◆ **Task brief**
Retype the entries exactly; omit all pictures.
———
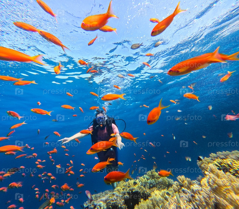 Дайвер плавает среди оранжевых рыб и кораллов в чистой голубой воде океана
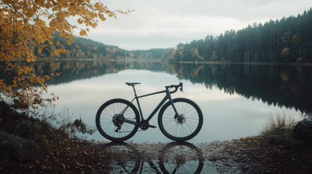 A modern gravel bike placed near a lake, reflecting in the calm water.
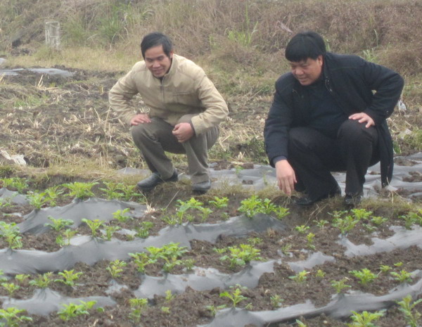 来宾市农业局副局长张大刊(右)察看马铃薯生长情况
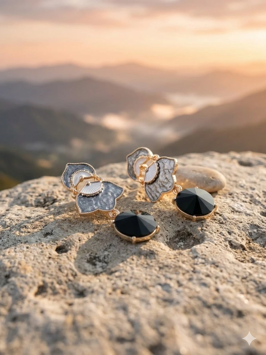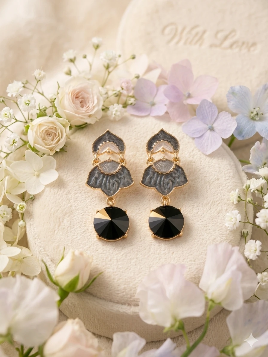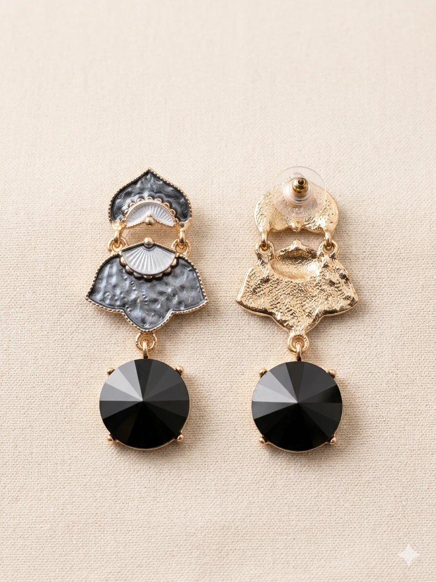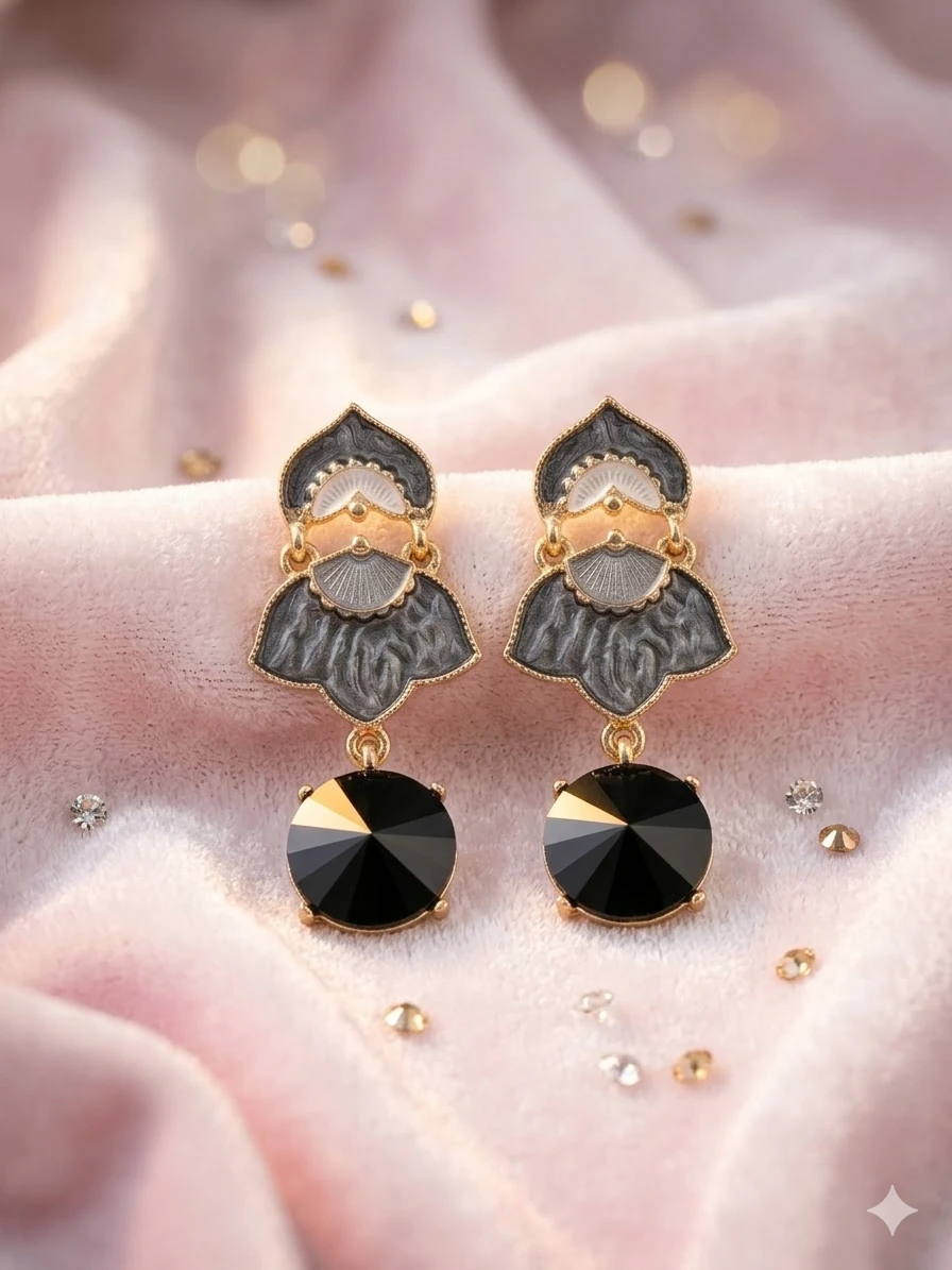 Black Vintage Drop Earrings: Make a dramatic statement with our Earrings, expertly crafted to blend old-world charm with modern noir. These Obsidian Petal Danglers feature a unique, tiered petal design with detailed grey enamelwork, finished with a striking, faceted obsidian-black crystal that catches the light with every turn.
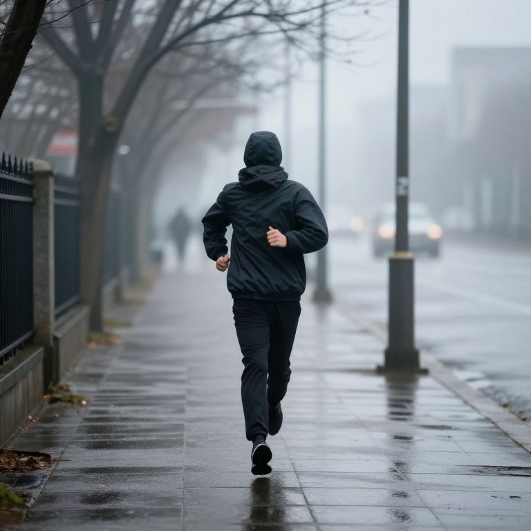 Runner on Foggy Urban Sidewalk
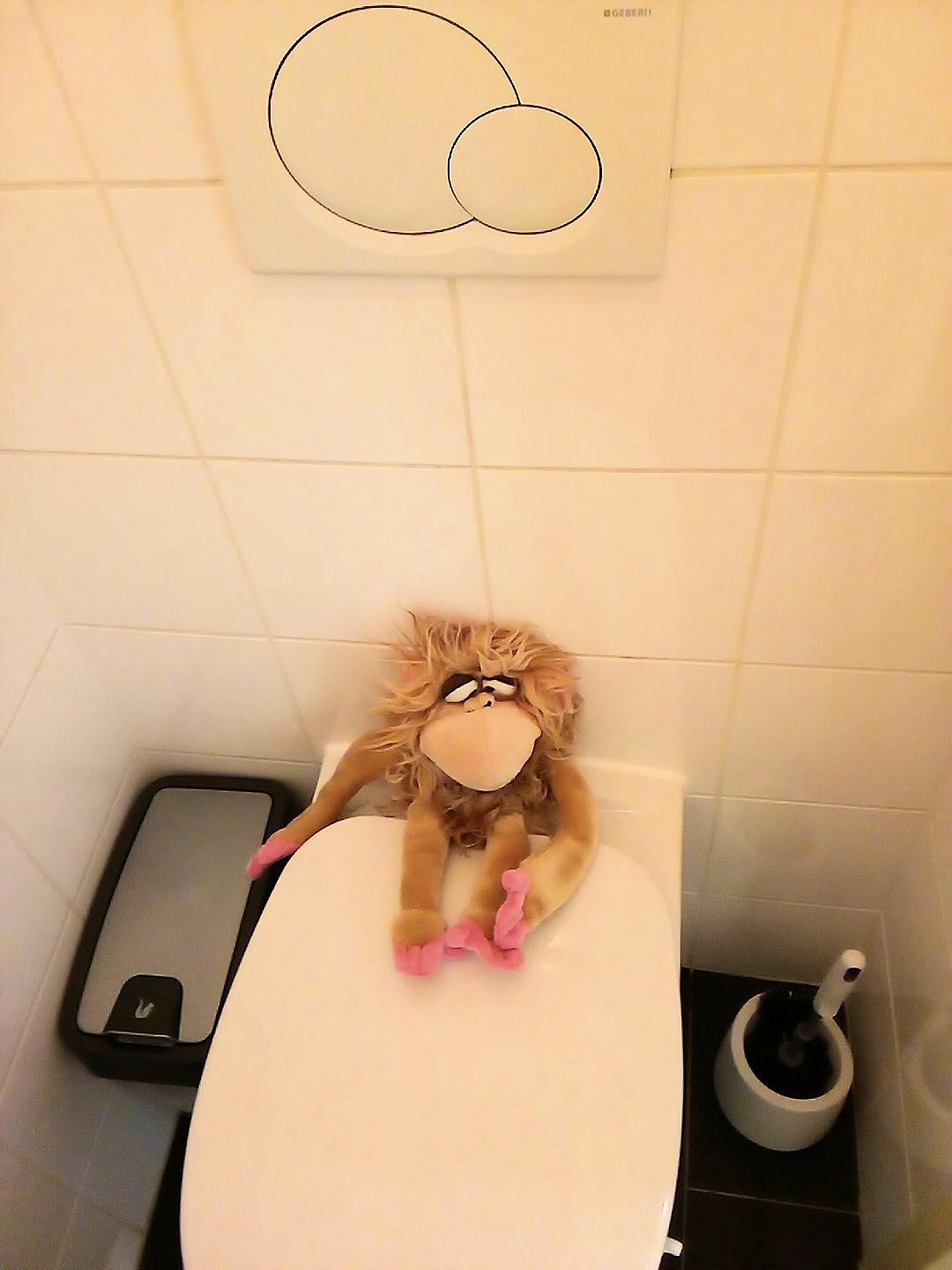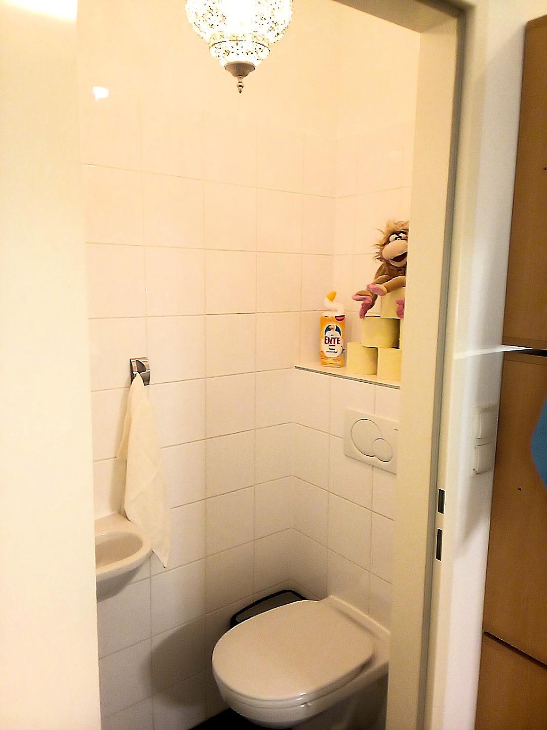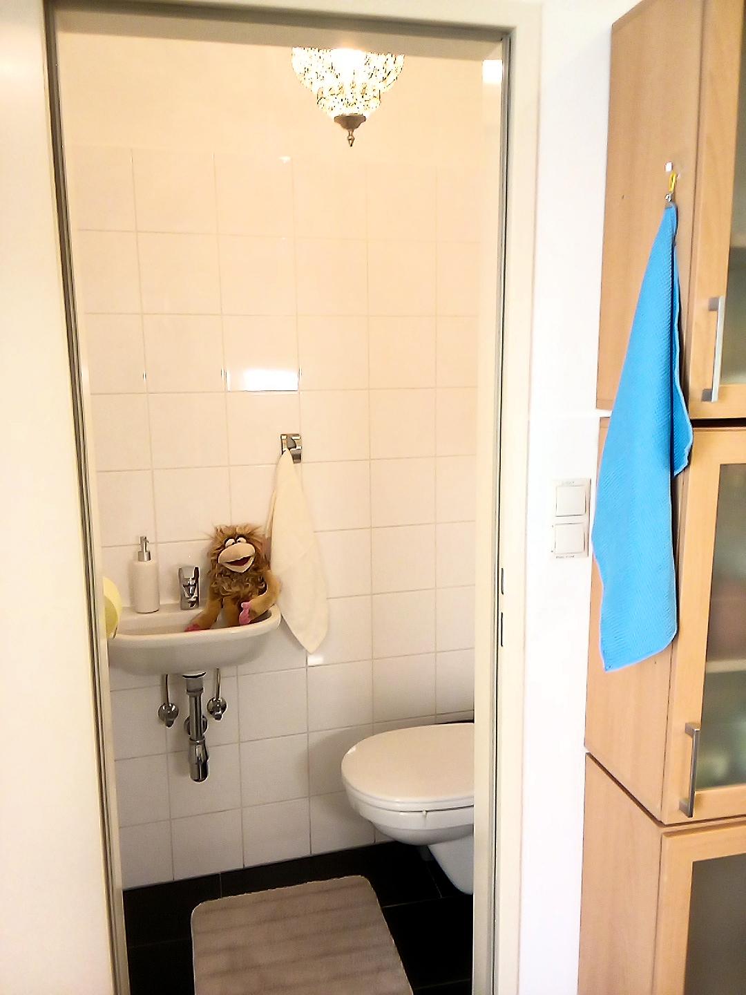 WC separat mit Waschbecken, Handtücher, Bodenmatte und Ventilatorabzug
———
◆ **Solution**
 Дайвер плавает среди оранжевых рыб и кораллов в чистой голубой воде океана
 A modern gravel bike placed near a lake, reflecting in the calm water.
 来宾市农业局副局长张大刊(右)察看马铃薯生长情况
 Black Vintage Drop Earrings: Make a dramatic statement with our Earrings, expertly crafted to blend old-world charm with modern noir. These Obsidian Petal Danglers feature a unique, tiered petal design with detailed grey enamelwork, finished with a striking, faceted obsidian-black crystal that catches the light with every turn.
 Runner on Foggy Urban Sidewalk
 WC separat mit Waschbecken, Handtücher, Bodenmatte und Ventilatorabzug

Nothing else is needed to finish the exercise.